What the book needed was the French touch, not the Hemingway touch; instead of leaden plot, more poetic feeling. The penny plainness of it all saps the mystery.
Sociologically, though, there are merits therein. The Hollywood and New York parties Vidal describes are fascinating for the explanation of gay codes and the descriptions of the various subsets of gay men: the manly gays versus the more flamboyant queens (the latter being so repugnant to Jim). Also interesting is the desire by many of the gay men to seduce and conquer the straight man, to smoke out the presumed bisexuality that he denies.
While trotting along with yawn-inducing Jim on his adventures, we are introduced at the halfway mark in the book to a jaded young writer named Paul Sullivan -- clearly patterned after Vidal himself -- and all of a sudden the life-essence missing heretofore springs up.
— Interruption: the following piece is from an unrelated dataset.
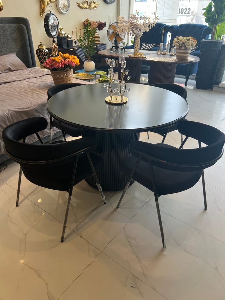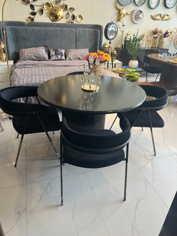 4 Seater Black Velvet Dining Table

Paul is a cerebral, interesting character who has thought profoundly about his situation as both an outsider artistic soul and gay man. In characterizing Paul's plight Vidal hits pay dirt, and I kept saying to myself, "Here's the damned book Vidal should have written! Paul is interesting. Paul thinks interestingly."
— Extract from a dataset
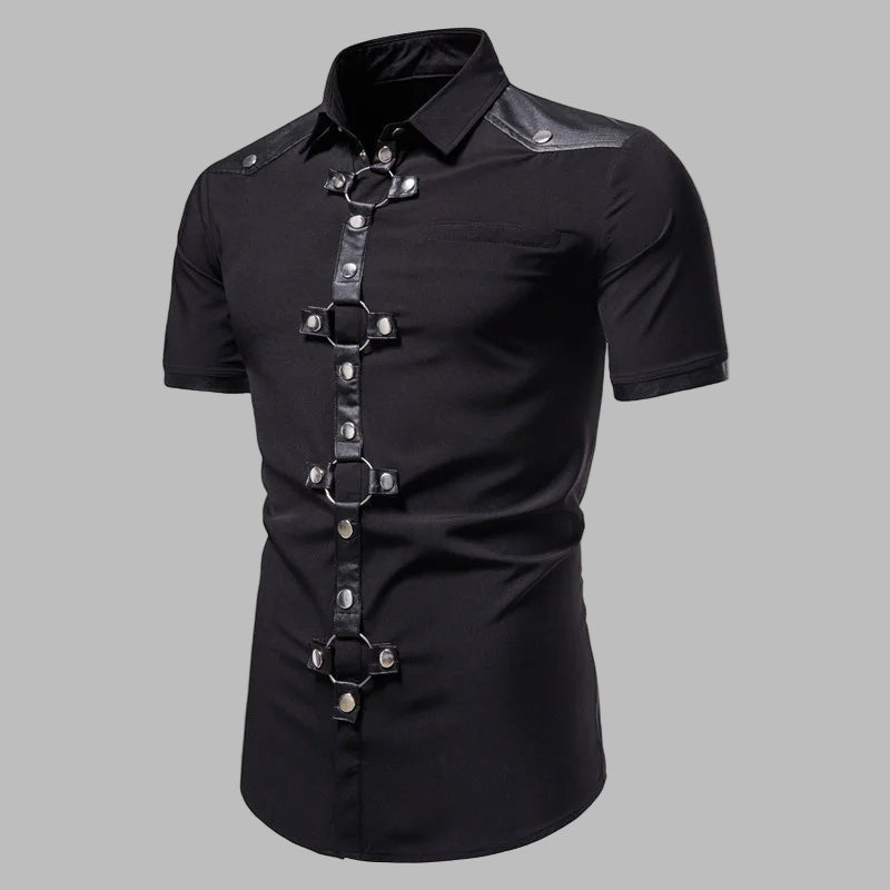 Punk Koszula z Metalowymi Kółkami i Paskami Krótki Rękaw Czarna Zobacz opcje

The concept of unrequited yearning, longing, of love held in abeyance, of creating and holding an ideal of someone that may or may not jibe with reality; these kinds of feelings expressed in adult fiction are among the primary reasons I read novels. In this book, the idea of futilely sought and elusive happiness is certainly a noble and worthy one, but given its preference of incident over thought during the longueurs, I was not persuaded or moved.
This book was a first and admirable attempt at waking people up, and Vidal chose not to wear his heart on his sleeve too much in writing it -- and it undoubtedly sent a signal to people that they were not alone in the world. That is fine, and even commendable, and the book is a landmark. But landmarks serve a purpose quite apart from art, and acknowledging the importance of the milestone does not make the art immune from criticism. It's a historically interesting book, but for me it is an unsatisfactory work that didn't resonate.